Morgon turned his head, looked at Raederle. Her eyes told him what he already knew: that nothing he could say or do could make her leave them. He bent his head again, in silent acquiescence to her and to the High One. Then he let his awareness venture beyond the silence into the damp earth around the tower. He touched a single blade of grass, let his mind shape it from hair roots to tip. Rooted also within the structure of land-law in Heureu’s mind, it became his link with the King of Ymris.

He sensed a constant, nagging pain, a turmoil of helpless anger and despair, and heard a distant, hollow drag and ebb of the sea. He had learned every shape of cliff and stone boring out of the shores, and he recognized the strip of Meremont coast. He smelled wet wood and ashes; the king lay in a half-burned fisher’s hut on the beach, no more than a mile or two from Wind Plain.

He started to glance up, to speak. Then the sea flooded over him, spilled through all his thoughts. He seemed to stare down a long, dark passageway into Ghisteslwchlohm’s alien, gold-flecked eyes.

He felt the startled recognition in the bound mind. Then a mind-hold raked at him, and the wizard’s eyes burned into him, searching for him. The mind-hold was broken; he reeled back away from it. The High One gripped his shoulder, holding him still. He started to speak again, but the falcon’s eyes stopped him.

He waited, shaken suddenly by the pounding of his heart. Raederle, bound to the same waiting, seemed remote again, belonging to another portion of the world. He wanted desperately to speak, to break the silence that held them all motionless as if they were carved of stone. But he seemed spellbound, choiceless, an extension of the High One’s will. A movement streaked the air, and then another. The dark, delicately beautiful Earth-Master, whom Morgon knew as Eriel, stood before them, and beside her, Ghisteslwchlohm.

For a moment, the High One checked the power gathered against him. There was astonishment and awe in the woman’s eyes as she recognized the harpist. The wizard, face to face with the High One, whom he had been searching for so long, nearly broke the hold over his mind. A faint smile touched the falcon’s eyes, icy as the heart of the northern wastes.

“Even death, Master Ohm,” he said, “is a riddle.”

A rage blackened Ghisteslwchlohm’s eyes. Something spun Morgon across the chamber. He struck the dark wall; it gave under him, and he fell into a luminous, blue-black mist of illusion. He heard Raederle’s cry, and then a crow streaked across his vision. He caught at it, but it fluttered away between his hands. A mind gripped his mind. The binding was instantly broken. A power he did not feel flashed at him and was swallowed. He saw Ghisteslwchlohm’s face again, blurred in the strange light He felt a wrench at his side, and he cried out, though he did not know what had been taken from him. Then he turned on his back and saw the starred sword in Ghisteslwchlohm’s hands, rising endlessly upward, gathering shadow and light, until the stars burst with fire and darkness above Morgon. He could not move; the stars drew his eyes, his thoughts. He watched them reach their apex and halt, then blur into their descent toward him. Then he saw the harpist again, standing beneath their fall, as quietly as he had stood in the king’s hall at Anuin.

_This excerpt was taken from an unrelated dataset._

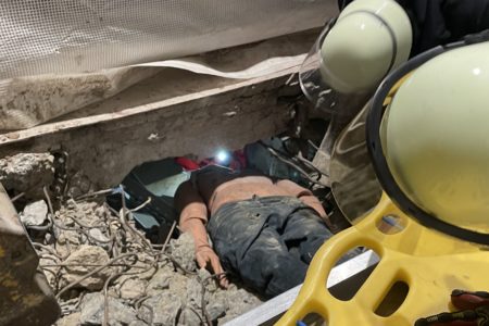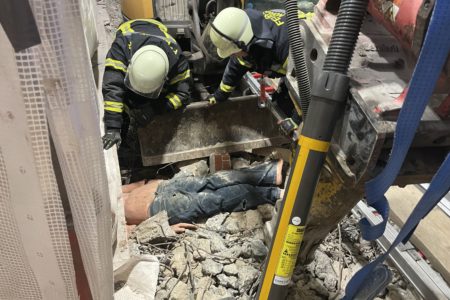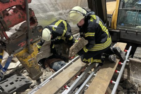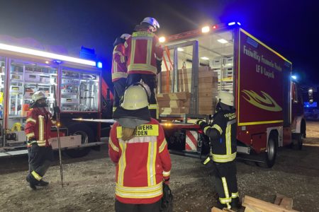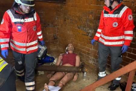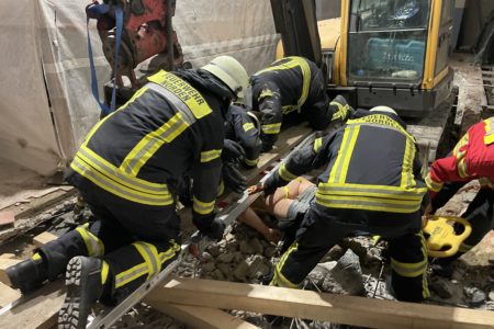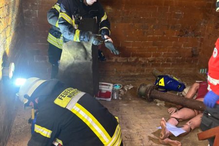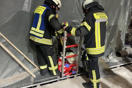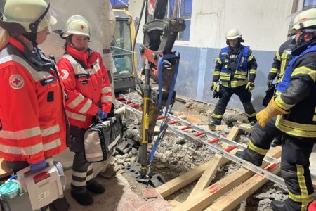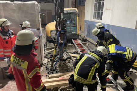 Die tatsächlich stattfinden Bauarbeiten gestalteten die Übungsvorbereitung ungewöhnlich dynamisch. Eigentlich sollte in einem Nebengebäude auch eine Rettung aus einer eingestürzten Grube geübt werden. Doch am Tag der Übung hatte ein Bagger die Grube beseitigt und den umliegenden Betonboden aufgebrochen. Kurzerhand musste das Szenario angepasst werden und so wurde ein durch eine Betondecke gestürzter Bagger mit einer verschütteten Person angenommen. Die Lage hatte es besonders in sich, da für die Einsatzkräfte überhaupt nicht klar war, wie stabil das Bauwerk überhaupt noch war. Sorgfältige Erkundung war hier von den Führungskräften gefragt. Während die Feuerwehrleute begannen den Bagger gegen weitere Bewegung zu sichern und einen ersten Zugang zu dem Verschütteten zu schaffen, stiegen Sanitäter des DRK über eine Leiter in einen Kellerschacht hinab und mühten sich mit ihrer medizinischen Ausrüstung durch den niedrigen und schmalen Keller bis hin zum Patienten. Als die medizinische Erstversorgung sichergestellt war, konnte die Übungspuppe von den schweren Trümmern befreit werden. Den beteiligten Helfern war sehr deutlich anzusehen, dass diese Aufgabe schweißtreibend war.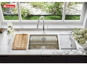Model KN6046SU – Đây là dòng sản phẩm dành cho bàn bếp có diện tích tương đối hạn chế những vẫn yêu thích phong cách chậu hạ bậc – tích hợp công năng của Konox.

A cry tore through Morgon. The sword fell with a terrible speed, struck the High One. It drove into his heart, then snapped in Ghisteslwchlohm’s hands. Morgon, freed to move at last, caught him as he fell. He could not breathe; a blade of grief was thrusting into his own heart. The High One gripped his arms; his hands were the harpist’s crippled hands, the wizard’s scarred hands. He struggled to speak; his face blurred from one shape to another under Morgon’s tears. Morgon pulled him closer, feeling something build in him, like a shout of fury and agony, but the High One was already beginning to vanish. He reached up with a hand shaped of red stone or fire, touched the stars on Morgon’s face.

He whispered Morgon’s name. His hand slid down over Morgon’s heart. “Free the winds.”